In terms of adaptive immunity, TEVs carry tumor-specific antigens that are recognized by the immune system, thereby initiating an adaptive immune response. TEVs are essential for helping T and other immune cells identify and destroy tumor cells. They deliver tumor antigens to antigen-presenting cells (APCs), activating T cell responses and potentially boosting immune memory, which enhances the ability of the immune system to react to tumor antigens (28). However, TEVs can dampen the immune response by transferring immune checkpoint molecules to T cells, leading to T cell exhaustion. In the context of immunotherapy, TEVs containing immune checkpoint-associated molecules can impact the efficacy of immune checkpoint inhibitors (28). Furthermore, TEVs induce T-cell apoptosis via Fas ligand (FasL), inhibit T-cell receptor (TCR) function, and modify the gene expression patterns of Tregs and effector T cells, with TGFB1 encouraging the development of Tregs (29).

2.2
Innate immune cell-derived EVs affect tumor immunity
Immune cells secrete chemokines via EVs, attracting immune cells to the TME. This is important for coordinating local immune responses, determining the location of all immune cells in three-dimensional space, and initiating intercellular communication within the TME. EVs from immune cells exert immunomodulatory effects similar to those of their parent cells; however, their functions depend on the cell type. In particular, EVs from innate immune cells significantly affect tumor immunity by facilitating interactions with immune elements. EVs generated by innate immune cells may exert diverse effects on antitumor immune responses, facilitating immune evasion and promoting immune activation and effector functions. The next section discusses these dual roles in detail, highlighting the roles of different types of innate immune cells (Table 1).

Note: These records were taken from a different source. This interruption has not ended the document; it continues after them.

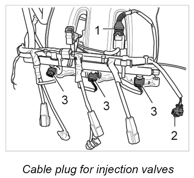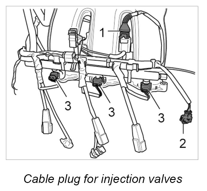 3. Remove plastic lines from cable holder over the fuel distributor pipe -1- and pull cable holder up and off.
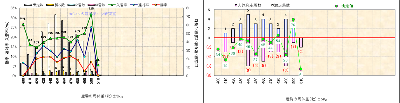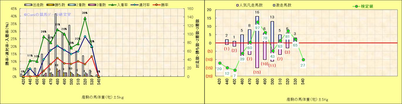 牡産駒の体重別成績-近3年- |
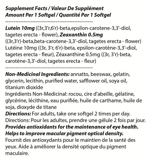 Ingredients: Lutein 10mg ((3r, 3'r, 6r)-beta, epsilon -carotene-3, 3-diol
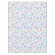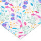 Hand painted vibrant watercolour flowers reworked into a repeating pattern. Bold pinks and purples, flashes of blue and golden yellow stand out against the white background. A rainbow of colours to brighten up a room.
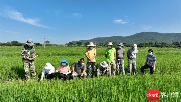 技术人员指导农户防治水稻病虫害。昌江融媒体中心供图
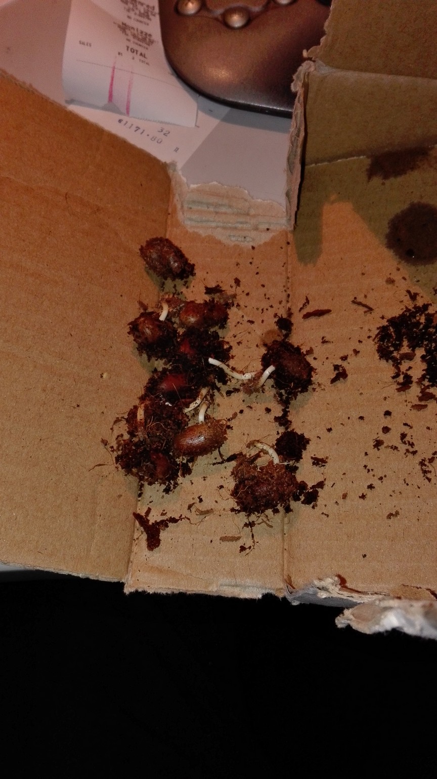 Bij nazicht van 1 van mijn bakjes waar eigenlijk te weinig cocosvezel in lag, zag ik er eentje uitsteken. Wel ik dacht laat ik dan maar het bakje eens omkieperen bleek dat er 13/15 zaden onkiemt waren.

Dendritic cells (DCs), a type of APCs, absorb antigens and convert them into peptides. These peptides are presented to T cells via major histocompatibility complex (MHC) molecules on the cell surface, leading to an adaptive response. DCs produce EVs in response to thymic stromal lymphopoietin, which contains OX40L. OX40L supports the proliferation of CD4+ T cells, increases IL-4 production, and induces the differentiation of Th2 cells (30). DC-derived EVs also enhance the production of interferon-γ by CD3+ T cells upon interaction with SK-BR-3 breast cancer cells (31). Moreover, DCs release different types of EVs with various components, such as HSP70 and HSP90. They activate CD4+ and CD8+ T cells, MHC-I, MHC-II, and CD86 (32). DC-derived EVs further stimulate the innate immune system by activating NK cells via ligands for NKG2D-L and IL-15Rα (33). In addition to stimulating T cell immune responses and DC-derived EVs, T cells are activated indirectly through the presentation of antigen–MHC complexes and by delivering intercellular adhesion molecule-1 molecules to subpar APCs, such as B cells (34). Activated class B cells produce and secrete EVs that effectively stimulate CD4 and CD8 T cells, inducing highly potent antitumor immune reactions (35). DC-derived EVs induce immune responses via the EV-induced release of inflammatory markers. When DCs express alpha-fetoprotein on EVs, this initiates a chain reaction leading to CD8+ T cell activation through a considerable increase in interferon-γ and IL-2 production, followed by a reduction in inhibitory factor levels, such as IL-10 and TGF-β levels, in T-cells, such as CD25+ Foxp3+ Tregs (36). EVs transporting TNF-α produced by DCs show robust interactions with NF-κB in B cells, thereby boosting inflammatory responses in human umbilical vein endothelial cells (37).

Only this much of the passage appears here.